Orangebloods is a site that, depending on the time of year, has between eight thousand and ten thousand subscribers paying $9.99 a month, or $100 annually, for steady updates about all known thought regarding the University of Texas football team. The site covers practices and assesses the team’s strengths and potential worries, but the least important thing it does is cover games. Everyone covers games, the reasoning went, and everyone watches games. So instead, Orangebloods found a niche within a niche: it reports and sells what no one else can provide, which is year-round coverage of Longhorns recruiting. Its reporters fan out across the state, and sometimes across the nation, meeting, observing, and collecting footage of leading high-school football players. They then pour all this into the Orangebloods site along with information about those potential Longhorns’ size, speed, bench-pressing capacity, and GPAs, all the while offering interviews, commentary, starred rankings, and candid assessments of the Longhorns’ chances of securing a commitment: Solid verbal!

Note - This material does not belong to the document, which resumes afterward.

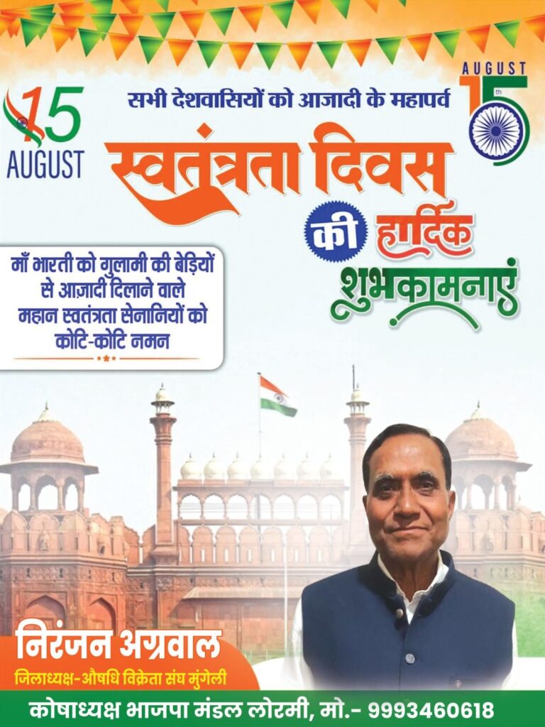लोरमी में आजादी का 79 वा स्वतंत्रता दिवस बड़े ही हर्षोल्लास के साथ मनाया गया जिला औषधि विक्रेता संघ के सदस्यों के द्वारा

Orangebloods is one of the 130 paid college-football sites that are part of Rivals.com, which Yahoo bought in 2007 for $100 million. Rivals is run by Bobby Burton, who in the early 1990s, as an undergraduate at Texas, worked in the football team’s film library, converting film to video and then editing the footage so that coaches could study, say, tendencies on third and long. Burton took that passion—he uses the word often—to the National Recruiting Advisor, a newsletter that reported on recruiting and augmented its service with updates on, yes, a 900 number.

The business went through several iterations—free, then paid, then failing—before re-emerging in 2001. By then Burton had abandoned the idea of using citizen journalists to do his reporting for him, having determined that he needed professionals. In time, the combined editorial staff at Rivals grew to over three hundred and, as the site’s reputation grew among the college-football cognoscenti, its subscriptions rose to its present 200,000; Orangebloods is among the most popular.

And that popularity, that desire to subscribe, says its editor, Geoff Ketchum, is as much about the news it reports as it is about the talking and ruminating with an audience that cares beyond all apparent reason about Longhorn football. They make full use of the site’s message board, offering lengthy and deeply-felt opinions, and talk with one another with such familiarity that when one subscriber’s child was diagnosed with cancer, his online friends raised money for treatment.

“We’re like heroin for UT football fans,” Ketchum says. “We’ve got all the nuts that exist.” He says this with the affection of someone who recognizes his own. “We don’t cover all the sports,” he adds. “We cover what the people want to pay for.”


Two


But would the people pay for news aimed not at the few but at the many? As zealots on either side of the pay divide duked it out, Nancy Wang ran the numbers. The news was not good. For either side.

Wang, who with her husband, Jeff Mignon, runs a Manhattan media consulting firm, crunched nine different scenarios for newspapers of two different approximate sizes—100,000 paid circulation and 50,000. (Here her base scenario was for most typical American paper, which has 50,000 circulation, publishes seven days a week, charges $17 a month for print subscribers, has a Web site with 250,000 unique visitors, and online revenues of $700,000.) The analysis, Wang says, were based on real numbers, but were intended as projections of potential, not actual, revenue.